Elizabeth Anne Cutler FRS FBA FASSA (17 January 19457 June 2022) was an Australian psycholinguist, who served as director emeritus of the Max Planck Institute for Psycholinguistics. A pioneer in her field, Cutler's work focused on human listeners' recognition and decoding of spoken language. Following her retirement from the Max Planck Institute in 2012, she took a professorship at the MARCS Institute for Brain, Behaviour and Development, Western Sydney University.

Early life and education

Elizabeth Anne Cutler was born on 17 January 1945 in Armadale, Victoria.[2][3] She attended the University of Melbourne, and in 1964 received her Bachelor of Arts in Psychology and German. Two years later she received her Diploma of Education in Modern Languages, and in 1971 received her master's degree in German linguistics.[4] Cutler embraced psycholinguistics when it emerged as an independent field, going on to complete her PhD in the discipline at the University of Texas at Austin with her dissertation Sentence stress and sentence comprehension.[5][6]

Career and research

After postdoctoral research fellowships at Massachusetts Institute of Technology (MIT) and the University of Sussex, she worked as a research scientist at the Medical Research Council (United Kingdom) (MRC) Applied Psychology Unit at the University of Cambridge.[5] Subsequently she became Professor of Comparative Psycholinguistics at Radboud University.[5] In 1993, she became a Director at the Max Planck Institute for Psycholinguistics in Nijmegen, the Netherlands, and held that title until 2012.[7]

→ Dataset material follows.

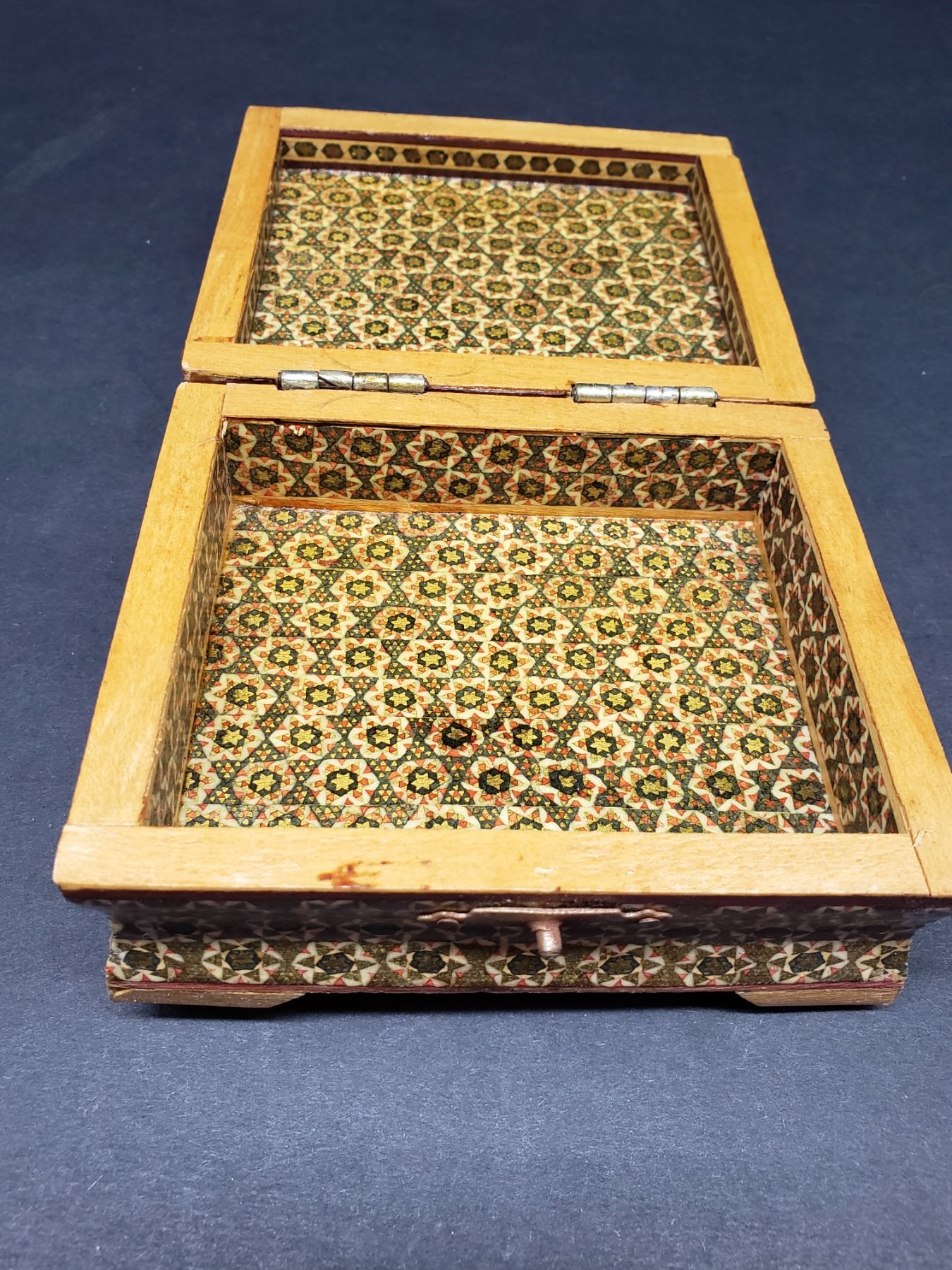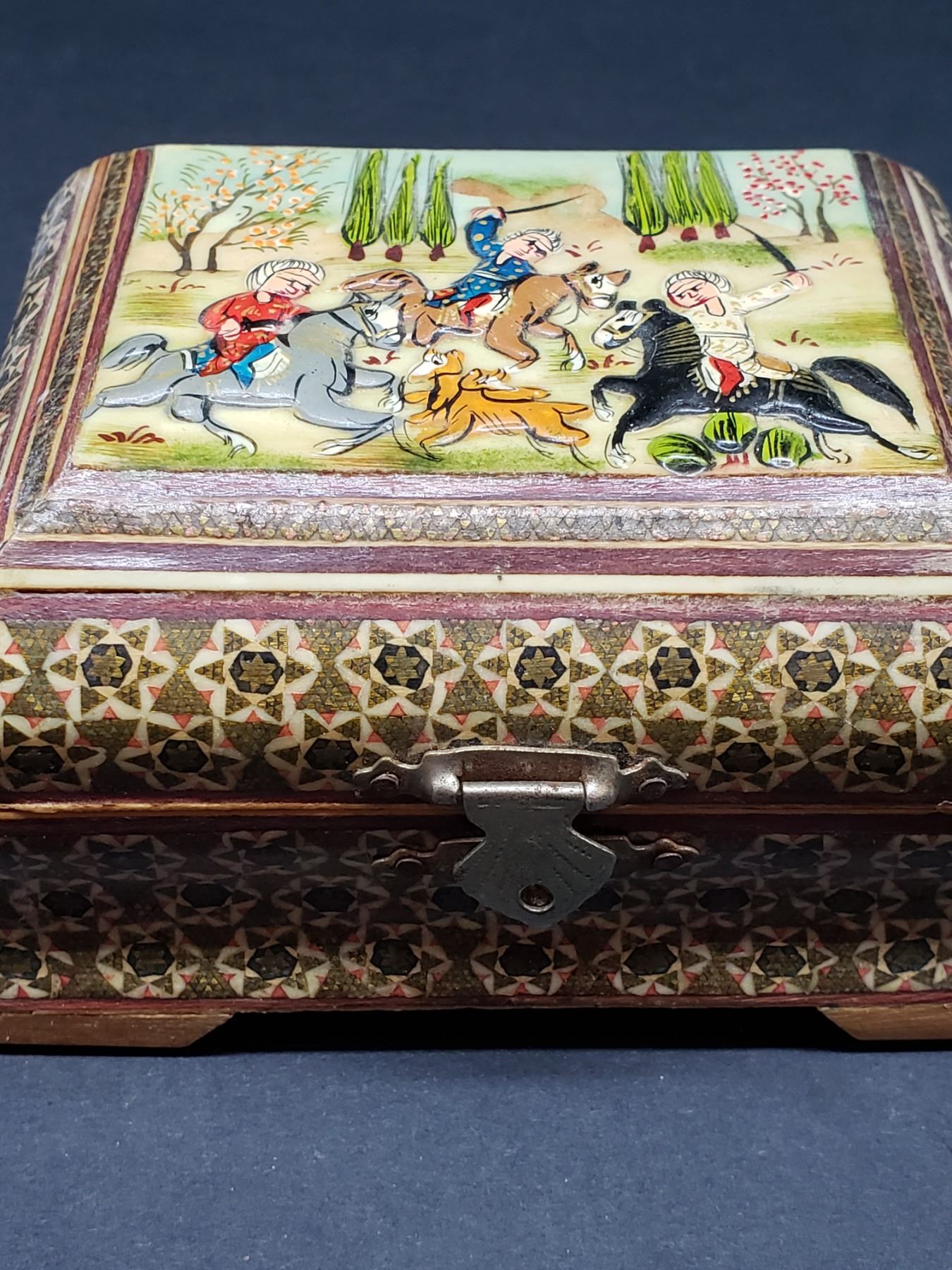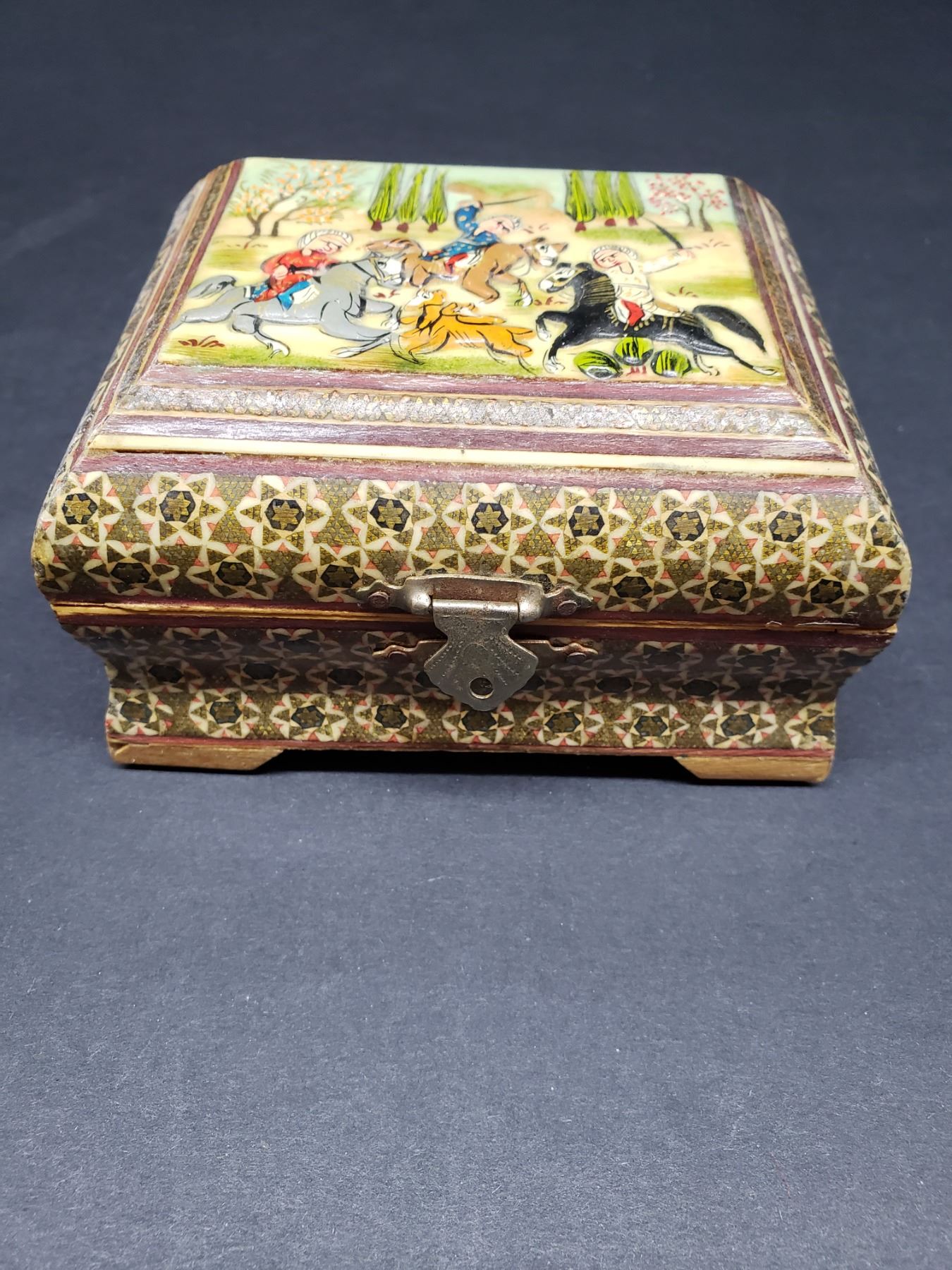Russian inlaid Box Piece is 4 1/2" x 4 1/4" x 2 1/4" All items Located in in Hollywood Florida Warehouse For Shipping Call today for quote they have item numbers and Pak Mail is available for all your custom packaging and shipping needs. We can package, palletize, crate, insure and ship to any Domestic or International location. All packaging and shipping fees must be paid in full before shipment is released. On international shipments, consignee is responsible for all Duties, Taxes, Customs Clearance or any destination fees that apply. Please visit our website @ www.pakmail.com/us770 for contact information or to get a quote. (Let us know you are a winning bidder from the Puckett auction so we can correctly arrange pick up for your item

Her research, summarised in the book Native Listening,[8] centres on human listeners' recognition of spoken language, and in particular on how the brain's processes of decoding speech are shaped by language-specific listening experience.[5]

Awards and honours

Cutler was elected a Fellow of the Royal Society in 2015 for her work on sentence processing and phoneme recognition.[5][9] Cutler was elected as Foreign Member of the American Philosophical Society in 2007[10] and Foreign Associate of the National Academy of Sciences in 2008.[1] In Australia, she was elected as Honorary Fellow of the Australian Academy of the Humanities in 2008[11] and as Fellow of the Academy of the Social Sciences in Australia in 2009.[12]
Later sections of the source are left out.